Note that TryGetPreviousLocation gives back a TouchLocation object, not a Vector2, so we can interrogate its other properties, too. It gives access to its State property, which allows a touch point to tell whether it is receiving its first Move state (this will be the case if its previous location's state is Pressed). It is not possible to obtain additional historical information by further calling TryGetPreviousLocation on the previous location object: it will always return false.

If you want to experiment with this, take a look at the TouchPanelDemo example project. This project provides a simple TouchPanel display that places a circular object at the position of each detected touch point. It supports multitouch input and will display the first touch point in white, the second in red, the third in blue, and the fourth in green. Any additional touch points will display in white. When the touch point is released, the circle will fade away into nothing.

All the while this is running, information about the first returned touch point will be written to the debug window. This includes the point's Id, State, Position, and previous Position. From this information you will be able to see the sequence of State values that are returned, see the previous Position for each touch point, and observe the behavior of the previous Position for Pressed and Released touch points.

1.3. Touch Panel Capabilities

If you need to know how many simultaneous touch points are available, you can ask the TouchPanel for this information. Its GetCapabilities method returns a TouchPanelCapabilities object, from which the MaximumTouchCount property can be queried.

All devices are required to support a minimum of four touch points, so anything you write should be able to rely on being able to read this many points at once. In practice, this number is probably quite sufficient for most games.

The only other useful capability property is the IsConnected property, which tells you whether a touch panel is currently connected to the device. For Windows Phone 7 games, it will always return true, but the property might return other values for XNA games running on other platforms (Windows or an Xbox 360, for example).

1.4. Working with Rotated and Scaled Screens

It's very useful being able to read the touch screen coordinate, but what happens if the game is running in a landscape orientation? Do we need to swap over the x and y coordinate values to find out where the touch point is relative to our game coordinates?

You will be pleased to find that the answer is no; XNA automatically takes care of this for us. We don't need to pay any attention at all to screen orientation because the screen coordinates will be translated into the same coordinate system that we are using for rendering.

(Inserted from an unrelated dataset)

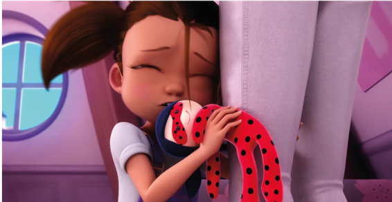 —¡Nunca me dejas jugar con Ladybug y Cat Noir! —solloza la niña.

Taking this concept even further, XNA does exactly the same thing when scaling is in effect. If the back buffer is set to a size of 240 × 400, for example, the touch point coordinates will be automatically scaled into exactly the same range. No special processing is required for these configurations at all.

Try changing the back buffer size in the TouchPanelDemo game class constructor to experiment. You will see that both rotated and scaled output provides correspondingly rotated and scaled input values. This is a very useful feature that greatly simplifies working with touch coordinates under these conditions.